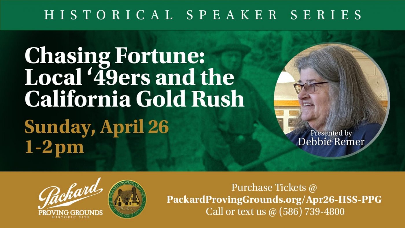 The California Gold Rush sparked a movement that reached far beyond the West. This Historical Speaker Series program explores how local residents became part of the ‘49er migration, tracing their journeys from Michigan to California and examining what they encountered upon arrival. Presented by local historian Debbie Remer.
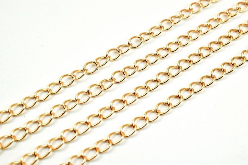 3 Foots 18K Pinky Gold Filled Chain Cable Link Chain Width 3mm Thickness 1mm Gold-Filled finding for Gold Filled Jewelry Making PGF26 - BeadsFindingDepot
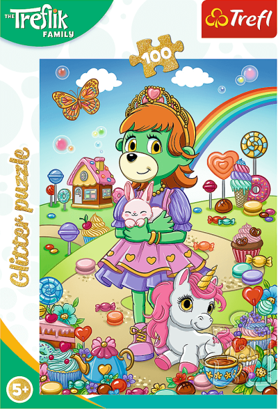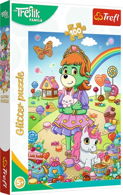 Trblietavé puzzle so 100 dielikmi s motívom postavičiek rodiny Treflíkov.
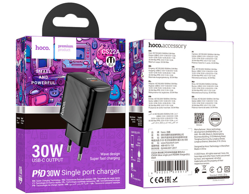 | Зарядний пристрій HOCO CS22A Value USB-C PD30W Black - це ідеальне рішення для тих, хто цінує якість, безпеку та універсальність в одному пристрої. Цей сучасний адаптер відзначається елегантним дизайном та потужною функціональністю, що поєднує переваги технологій Quick Charge 3.0 та Power Delivery. Вони дозволяють заряджати ваші пристрої на максимальній швидкості, економлячи ваш час. HOCO CS22A підходить для широкого спектру електроніки: він ідеально заряджає смартфони, планшети, фітнес-браслети, геймпади, екшн-камери та навіть TWS навушники. Завдяки вихідному підключенню USB Type-C, цей зарядний пристрій забезпечує максимальний вихідний струм 2.5 А та потужність до 30 Вт, що гарантує швидку та ефективну зарядку. Корпус пристрою виготовлений із вогнетривкого пластику, що підвищує його стійкість до пошкоджень і забезпечує безпечне використання. Компактний розмір та чорний колір роблять HOCO CS22A стильним компаньйоном для будь-якої подорожі або відрядження. Ви завжди будете готові до несподіваних ситуацій завдяки шестирівневій системі захисту від перевантажень, короткого замикання та перегріву, що зберігає ваші гаджети у безпеці. Виберіть HOCO CS22A для життя в швидкому темпі, адже він пропонує надійні зарядні рішення для сучасної людини, де кожна хвилина має значення. Це ваш надійний партнер у світі технологій. |

.....

Provide the lines again, unchanged, from where the data above begins through the line containing "Trblietavé puzzle so", both ends included, omitting pictures and adding nothing.

Solution for this task>
 The California Gold Rush sparked a movement that reached far beyond the West. This Historical Speaker Series program explores how local residents became part of the ‘49er migration, tracing their journeys from Michigan to California and examining what they encountered upon arrival. Presented by local historian Debbie Remer.
 3 Foots 18K Pinky Gold Filled Chain Cable Link Chain Width 3mm Thickness 1mm Gold-Filled finding for Gold Filled Jewelry Making PGF26 - BeadsFindingDepot
 Trblietavé puzzle so 100 dielikmi s motívom postavičiek rodiny Treflíkov.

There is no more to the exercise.